# what colour is he?



## thedoggyparlour (Feb 17, 2008)

born yesterday mum is new forest, dad is piebald cob


----------



## Karsie (Jun 12, 2009)

Cant help with the colour sorry, just wanted to say he is stunning! :001_wub::001_wub::001_wub:


----------



## mandiecoons (Apr 19, 2010)

looks like he will be a bay or could go grey.


----------



## silly gilly (Apr 7, 2008)

I think he will be a bay like mum, by his breeding he will be a usefull sort I would think. Your scenery is stunning by the way


----------



## Oenoke (Oct 17, 2009)

I think he'll be black.


----------



## momentofmadness (Jul 19, 2008)

Soon you will know.. the hair around his nose and eyes will start to malt and his foreever colour will start to come through... 

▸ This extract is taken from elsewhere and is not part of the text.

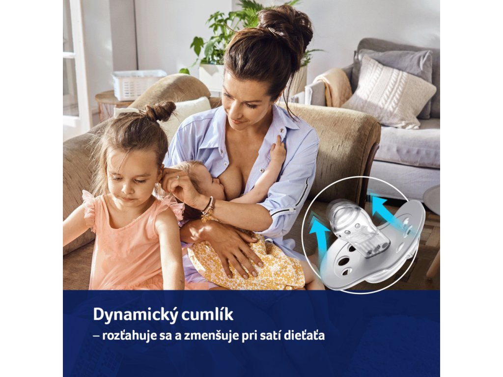 Jeho tvar umožňuje dieťaťu ľahko dýchať nosom; sú použité bezpečné materiálu bez bisfenolu A.

He could go Bay, Black, or end up a grey... He is defo not going to be piebald or skewbald...

He is a real cutie..

A section A I bred years ago came out of our coloured Section A mare and my grey stallion.. The filly was born a beautiful chestnut with flaxen mane and tail.. Her forever colour was a very light strawberry roan..


----------



## Oenoke (Oct 17, 2009)

He won't be grey as grey is a dominant gene, so 1 of his parents would have to be grey for him to be grey. He's either black or very dark bay.


----------



## DaniiAngel (Jun 5, 2010)

Well, he'll definitely carry agouti as bay is reccesive, at the moment he looks Grulla or Smokey Black, but if the sire is a "true" Black Tobiano thne he will eventually turn bay, since there's no Dilutions to effect this.


----------



## animalhealthscience (Jun 12, 2010)

thedoggyparlour said:


> born yesterday mum is new forest, dad is piebald cob
> 
> 
> 
> ...


----------



## halkywalky (Oct 26, 2010)

very nice mare and foal i love it when they moult out and you see their true colour underneath .


----------



## ali 63 (Nov 5, 2010)

Black i`d say,


----------



## thedoggyparlour (Feb 17, 2008)

here he is few days before he was weaned and yes he turned out black


----------



## thedoggyparlour (Feb 17, 2008)




----------



## pamela Renfrew (Jun 9, 2010)

He is a wee beauty... Are you keeping him ?? Pamx


----------



## ali 63 (Nov 5, 2010)

He`s a very nice sort, would hang on to him


----------



## Oenoke (Oct 17, 2009)

He's absolutely gorgeous! He looks alot like my black girl did at that age, she's 20 years old now!!!


----------



## Snippet (Apr 14, 2011)

I was going to say black as well. He's going to be a nice chap when he grows into his back end!


----------



## thedoggyparlour (Feb 17, 2008)

here he is few days ago he now looks like he will be like his mum.


----------



## ChinaBlue (Feb 3, 2008)

He is absolutely gorgeous.


----------



## spot (Feb 10, 2009)

Oh how cute - no idea about the colour though!


----------



## jenny22 (Feb 13, 2011)

I dont care what colour he will be, I want him

Jenn


----------



## hope (May 25, 2011)

how cute is the foal good pictures


----------



## sullivan (Aug 29, 2008)

ahh hes real cute bless it.


----------



## victoriaaa (Jun 8, 2011)

he's lovely.. i reckon he'll be around the same colour as his mum


----------



## thedoggyparlour (Feb 17, 2008)

yes he is same colour as mum now


----------